Task item> Exact copies of the lines below, from the one with "融媒体中心副主任徐玮峰从意识" up to and including the one with "Zestaw do pielęgnacji", are what this calls for; leave out pictures.

[Stored data entries]
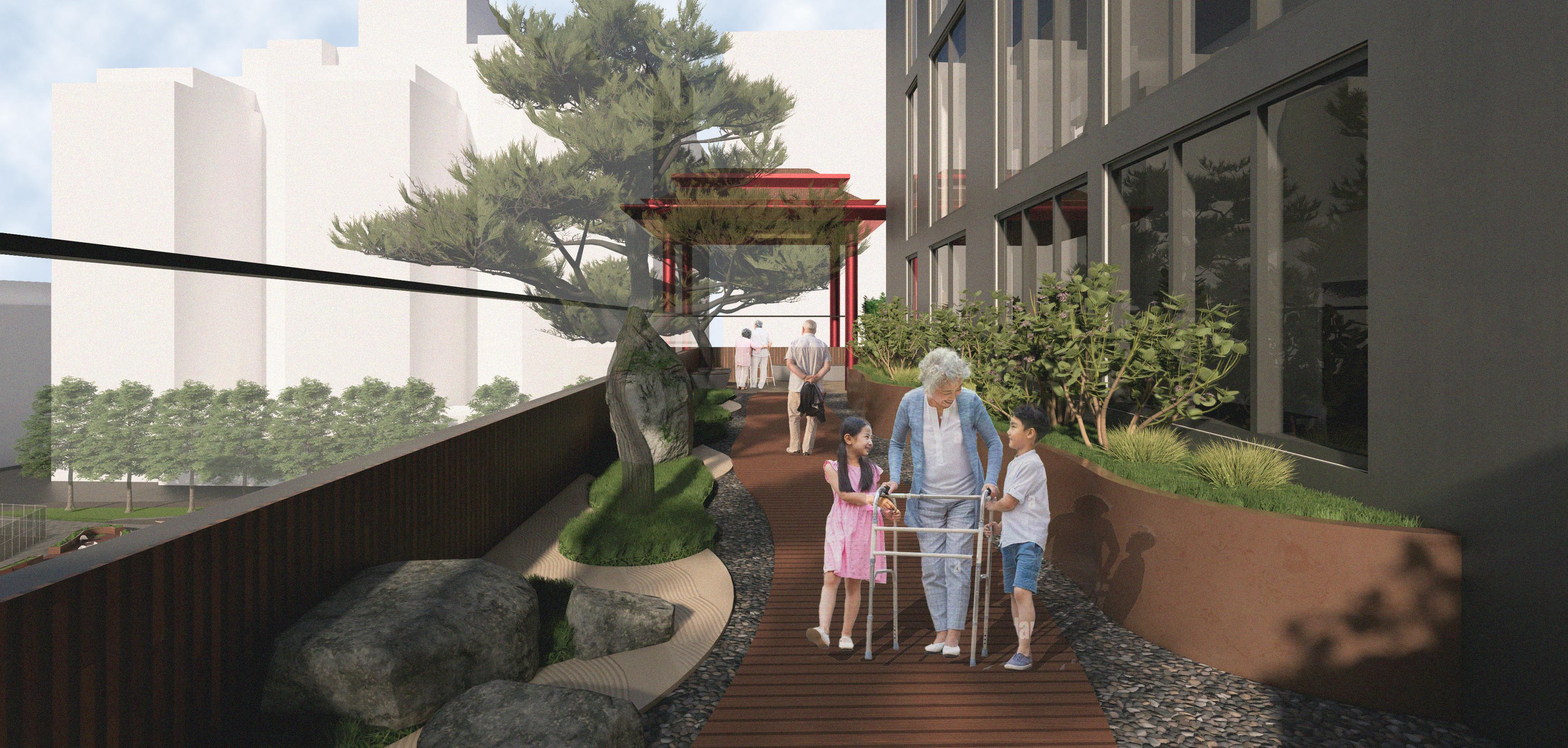 designing for past, present, and future generations honoring the Chinese American heritage connecting with Taoism through nature promoting local businesses and foot traffic
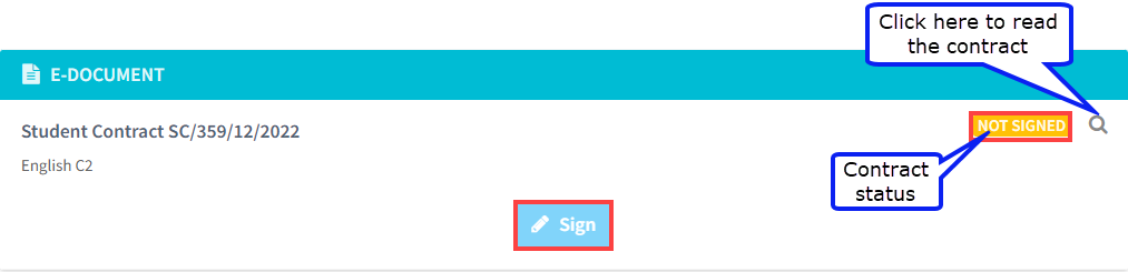 When you create a Student Contract in Documents you must mark it as an E-document:
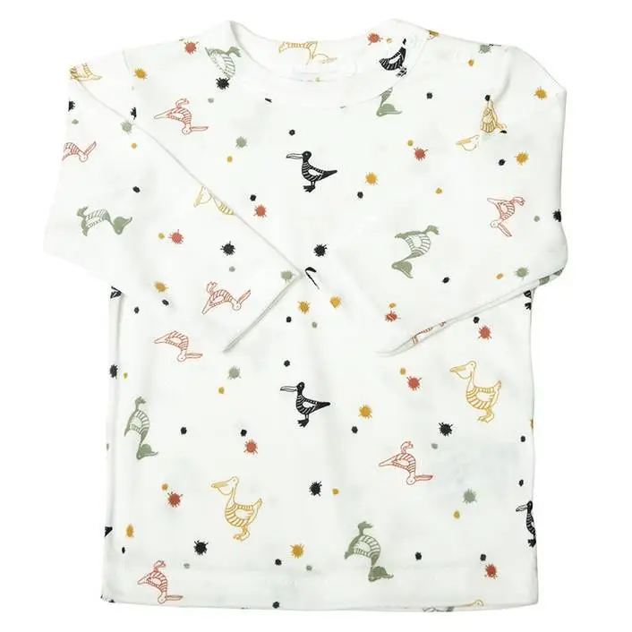 Bluse i råhvid økologisk bambus - Pelikan print
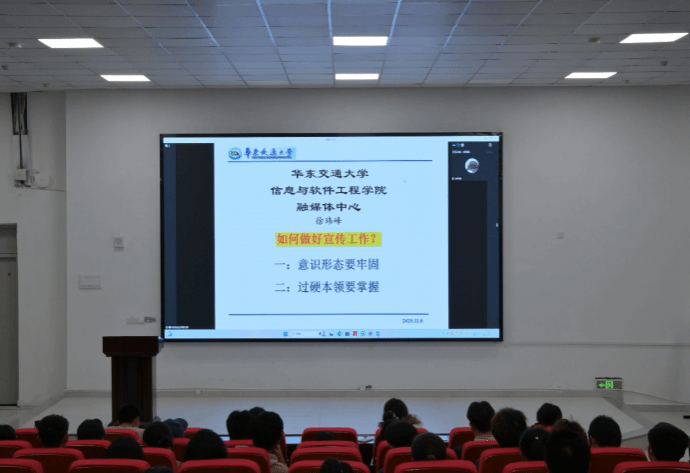 融媒体中心副主任徐玮峰从意识形态与业务能力两个维度,系统讲解了宣传工作的核心要义与实践方法。他深入阐释了宣传工作的本质、基本要求和根本方法,强调宣传的核心在于充分展现学院风采。此外,他还就摄影构图、色彩搭配、曝光控制、修图技巧及相机使用等方面进行了专业指导,有效提升了“小青团”的宣传意识与技术能力。
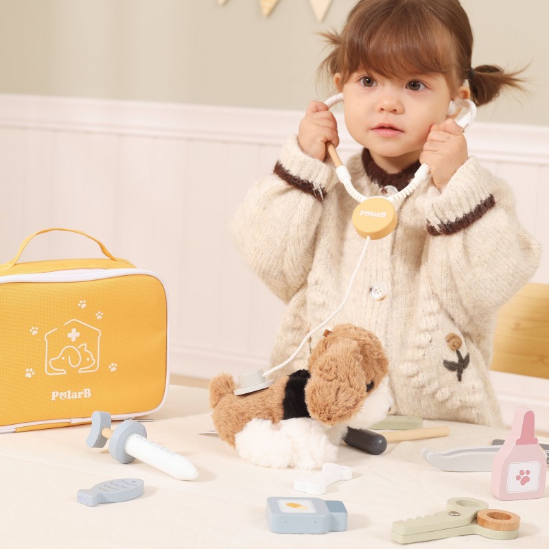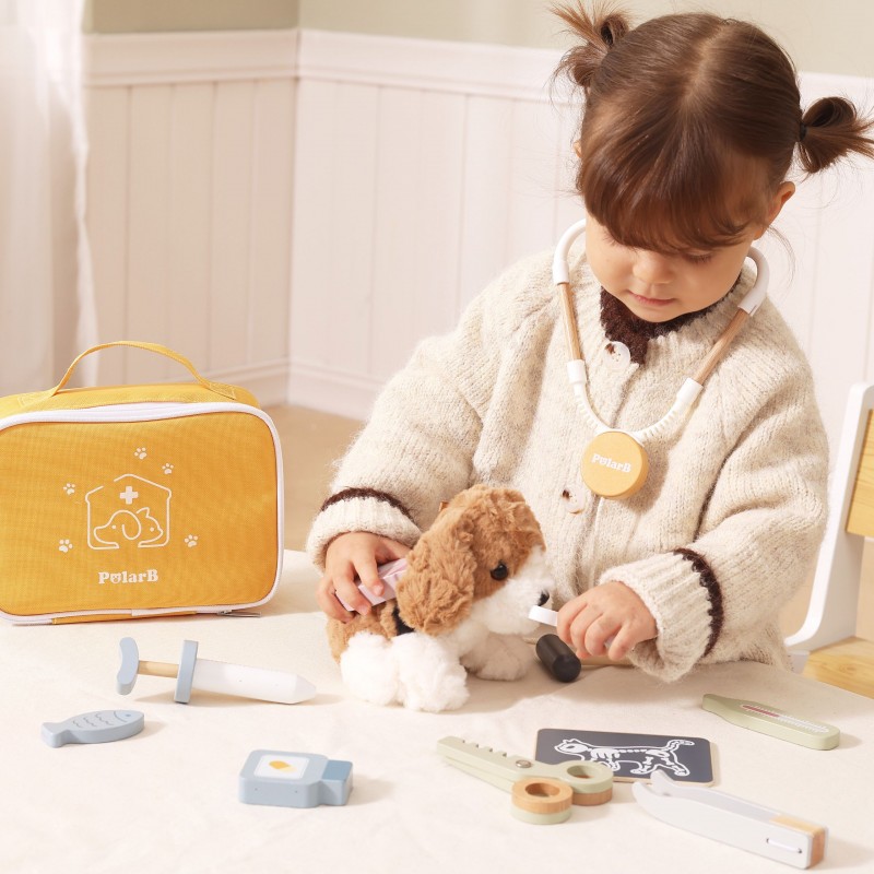 Zestaw do pielęgnacji zwierząt VIGA PolarB przenosi dziecko w świat prawdziwej kliniki weterynaryjnej, gdzie może troszczyć się o swoich pluszowych pacjentów. Dzięki 12 realistycznym akcesoriom każdy mały miłośnik czworonogów poczuje się jak profesjonalny lekarz weterynarii. To doskonała zabawa w odgrywanie ról, która uczy empatii, odpowiedzialności i troski o innych.Całość została zapakowana w elegancką, żółtą torbę z wygodną rączką oraz zamkiem błyskawicznym. Ułatwia ona przechowywanie wszystkich elementów i pozwala zabrać zestaw w podróż, do przedszkola czy do dziadków. Porządek i mobilność w jednym!
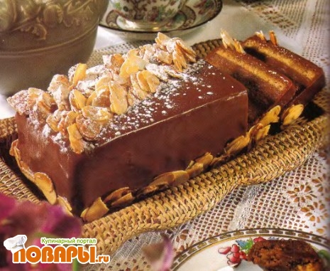 Разрежьте бисквит вдоль, чтобы получились пласты толщиной около 1 см. Покройте первый пласт тонким слоем растопленного шоколада и положите его этой стороной на тарелку такого же размера. Сверху смажьте пласт пуншем, используя для этого кисточку, а затем покройте тонким слоем глазури. Повторите эту операцию со всеми остальными пластами бисквита и поставьте для застывания в холодильник (на 3-5 мин). Сверху покройте торт оставшейся глазурью, подогретой на водяной бане. Глазурь выровняйте сверху лопаткой, посыпьте какао-порошком, воткните миндаль и подавайте.
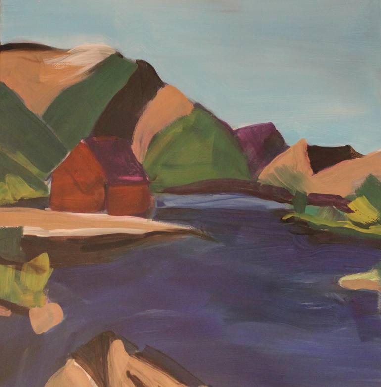 Acrylic on Canvas Red house at a lake 40 cm x 40 cm x 1 cm
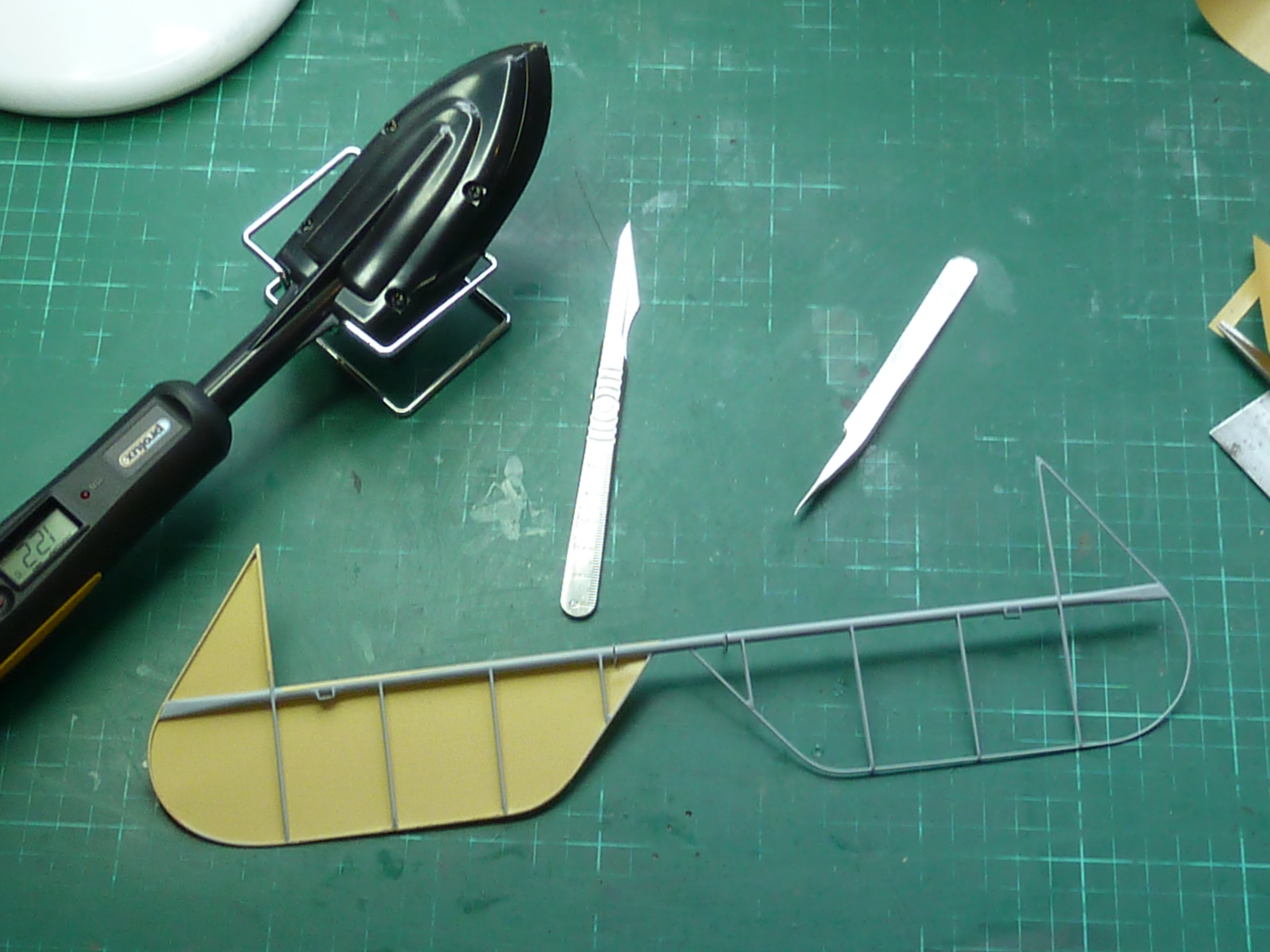 I knew this might be a problem as the heat shoe needs to be set at around 120°C to melt the Solartex glue and a little more than that to properly shrink the material. Not a problem on the Camel’s wooden and metal parts, but dancing close to the edge on the ABS plastic which deforms at around these temperatures. However, I thought that if I didn’t linger with the heat shoe I might get away with it.
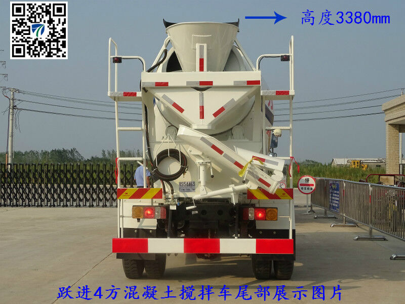 依维柯跃进开拓4方-5方ued网站搅拌车介绍:单排白色驾驶室,发动机玉柴130马力发动机,145前后桥,8.25-20尼龙胎, 小八档带高低档、轴距3300mm。
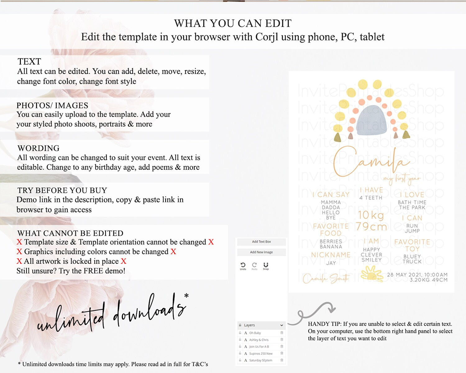 • After purchase, Corjl emails your editing link. Allow up to 15 minutes for delivery.
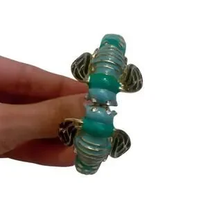 2/$30 Colorful Enamel Blue Green Gold Bug Bangle Bracelet Adjustable Eclectic

Finished task>
 融媒体中心副主任徐玮峰从意识形态与业务能力两个维度,系统讲解了宣传工作的核心要义与实践方法。他深入阐释了宣传工作的本质、基本要求和根本方法,强调宣传的核心在于充分展现学院风采。此外,他还就摄影构图、色彩搭配、曝光控制、修图技巧及相机使用等方面进行了专业指导,有效提升了“小青团”的宣传意识与技术能力。
 Zestaw do pielęgnacji zwierząt VIGA PolarB przenosi dziecko w świat prawdziwej kliniki weterynaryjnej, gdzie może troszczyć się o swoich pluszowych pacjentów. Dzięki 12 realistycznym akcesoriom każdy mały miłośnik czworonogów poczuje się jak profesjonalny lekarz weterynarii. To doskonała zabawa w odgrywanie ról, która uczy empatii, odpowiedzialności i troski o innych.Całość została zapakowana w elegancką, żółtą torbę z wygodną rączką oraz zamkiem błyskawicznym. Ułatwia ona przechowywanie wszystkich elementów i pozwala zabrać zestaw w podróż, do przedszkola czy do dziadków. Porządek i mobilność w jednym!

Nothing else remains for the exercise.